----- PROVIDED MATERIAL -----
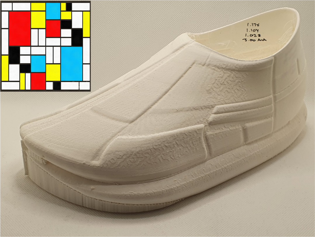 3D printed monomaterial footwear automatically generated from a user’s 3D foot scan, providing optimal fit, and reducing CO2 emissions to 23.8%.
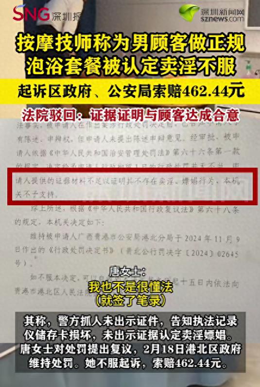 女技师做488元按摩套餐被认定卖淫 起诉被驳回!女技师被认定涉黄拘留1天后起诉警方。近日,广西贵港按摩技师唐女士称,去年为顾客做泡浴服务时,被警方以提供涉黄服务拘留一天。次日又遭全身赤裸检查和二次审讯。 其称,警方抓人未出示证件,告知执法记录仪储存卡损坏,未出示证据认定卖淫嫖娼。唐女士对处罚提出复议,2月18日港北区政府维持处罚。她不服起诉,索赔462.44元。9月26日,法院驳回,经查明,唐女士及顾客叶某、另一名技师谭某某的笔录中,均提及488元套餐含涉黄服务,证据证明其与顾客达成卖淫嫖娼合意,警方执法合规。
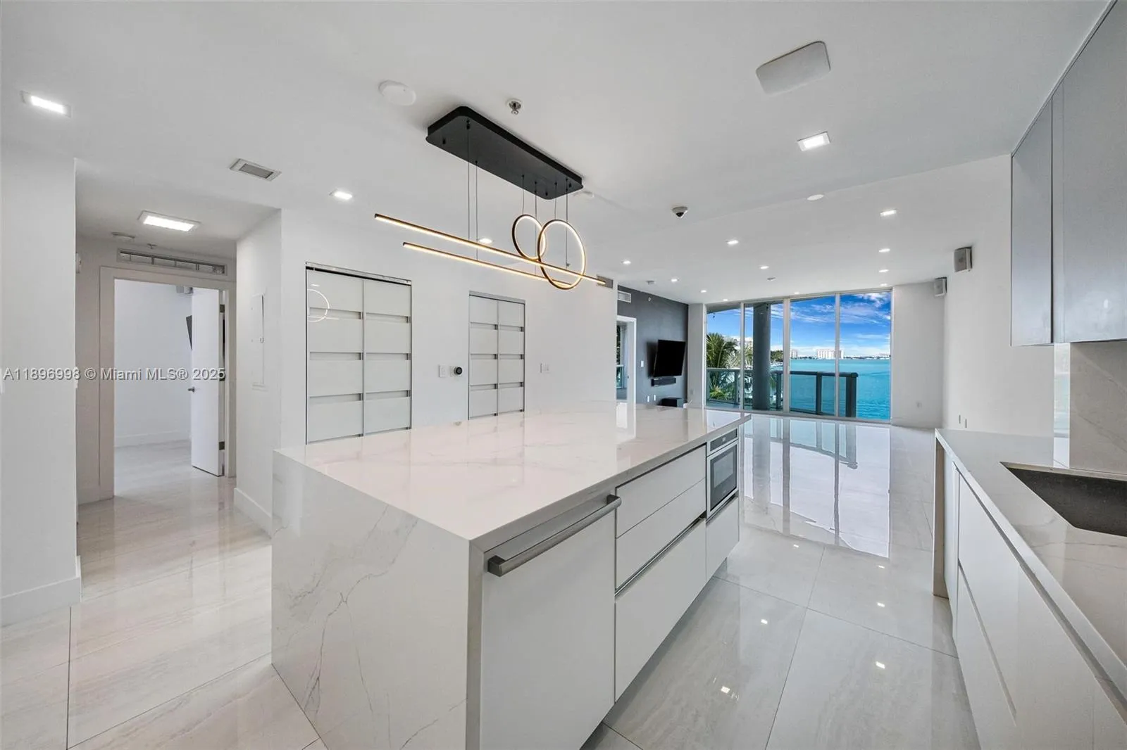 Experience waterfront living in this fully renovated modern masterpiece townhouse at 360 Condominium. Enjoy breathtaking bay views, abundant light, and a spacious private terrace. With private entry, two parking spaces, and sleek finishes—every detail is brand new. This 3BD/2BA residence features full smart-home automation powered by Savant, an open kitchen with designer lighting, electric blinds, and a Thermador wine cooler for hundreds of bottles. The primary suite opens to the terrace with spa bath and walk-in closet, while guest bedrooms offer comfort and style. The 360 community includes a private marina, two pools, gym, and 24-hour security. In-unit washer/dryer included. Unmatched opportunity—nothing like this in North Bay Village, won’t last!
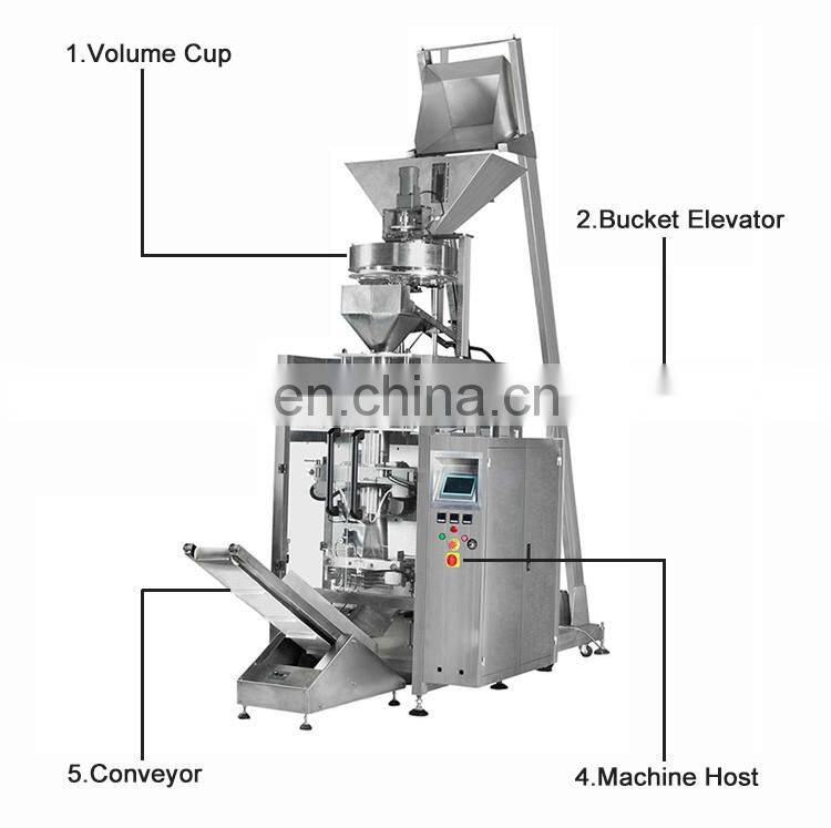 Applications:Volumetric cups packing machine is suitable for granule products.Such as granule puffed chips,grains,rice,dried fruits,beans,nuts,salt,sugar,tea,seeds,ect.
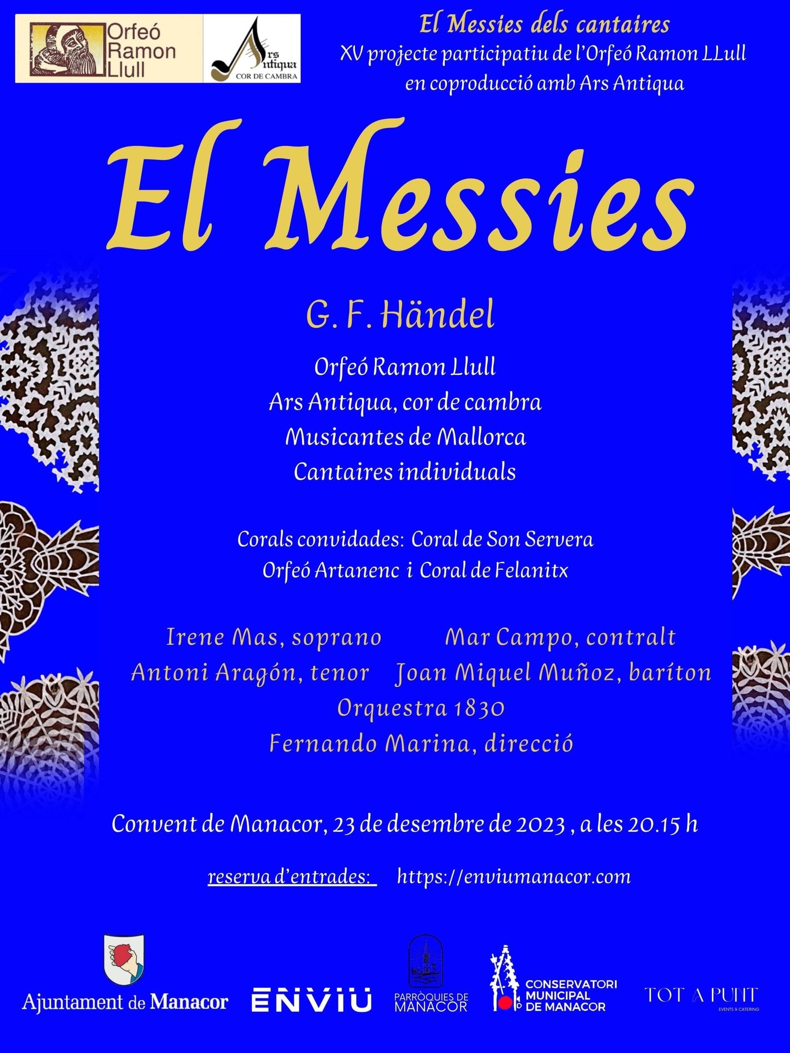 Este año, por primera vez, ‘El Mesías de los Cantaires’ se interpretará en el Convento de Manacor, día 23 de diciembre a las 20.30 h. Conforman el proyecto Ars Antiqua, el Orfeó Ramon Llull y Musicantes de Mallorca, a los que se unirán cantores individuales que han estado ensayando durante el otoño.
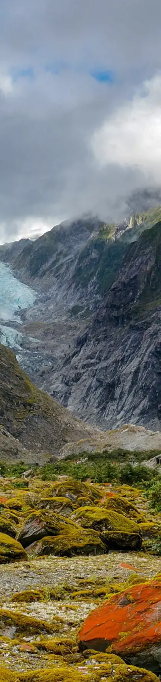 Die Fox und Franz Josef Gletscher liegen im Westland Nationalpark, 25 km von einander entfernt. Sie werden oben in den Bergen von Eis gespiesen, am unteren Ende sind sie von Regenwald umgeben. Beide bewegen sich mit hoher Geschwindigkeit voran (Franz-Josef 0.5 m pro Tag, Fox 1 m pro Woche).
-----
YOUR GOAL: When you repeat the data, keep every line exact and drop the images.

RESULT:
 3D printed monomaterial footwear automatically generated from a user’s 3D foot scan, providing optimal fit, and reducing CO2 emissions to 23.8%.
 女技师做488元按摩套餐被认定卖淫 起诉被驳回!女技师被认定涉黄拘留1天后起诉警方。近日,广西贵港按摩技师唐女士称,去年为顾客做泡浴服务时,被警方以提供涉黄服务拘留一天。次日又遭全身赤裸检查和二次审讯。 其称,警方抓人未出示证件,告知执法记录仪储存卡损坏,未出示证据认定卖淫嫖娼。唐女士对处罚提出复议,2月18日港北区政府维持处罚。她不服起诉,索赔462.44元。9月26日,法院驳回,经查明,唐女士及顾客叶某、另一名技师谭某某的笔录中,均提及488元套餐含涉黄服务,证据证明其与顾客达成卖淫嫖娼合意,警方执法合规。
 Experience waterfront living in this fully renovated modern masterpiece townhouse at 360 Condominium. Enjoy breathtaking bay views, abundant light, and a spacious private terrace. With private entry, two parking spaces, and sleek finishes—every detail is brand new. This 3BD/2BA residence features full smart-home automation powered by Savant, an open kitchen with designer lighting, electric blinds, and a Thermador wine cooler for hundreds of bottles. The primary suite opens to the terrace with spa bath and walk-in closet, while guest bedrooms offer comfort and style. The 360 community includes a private marina, two pools, gym, and 24-hour security. In-unit washer/dryer included. Unmatched opportunity—nothing like this in North Bay Village, won’t last!
 Applications:Volumetric cups packing machine is suitable for granule products.Such as granule puffed chips,grains,rice,dried fruits,beans,nuts,salt,sugar,tea,seeds,ect.
 Este año, por primera vez, ‘El Mesías de los Cantaires’ se interpretará en el Convento de Manacor, día 23 de diciembre a las 20.30 h. Conforman el proyecto Ars Antiqua, el Orfeó Ramon Llull y Musicantes de Mallorca, a los que se unirán cantores individuales que han estado ensayando durante el otoño.
 Die Fox und Franz Josef Gletscher liegen im Westland Nationalpark, 25 km von einander entfernt. Sie werden oben in den Bergen von Eis gespiesen, am unteren Ende sind sie von Regenwald umgeben. Beide bewegen sich mit hoher Geschwindigkeit voran (Franz-Josef 0.5 m pro Tag, Fox 1 m pro Woche).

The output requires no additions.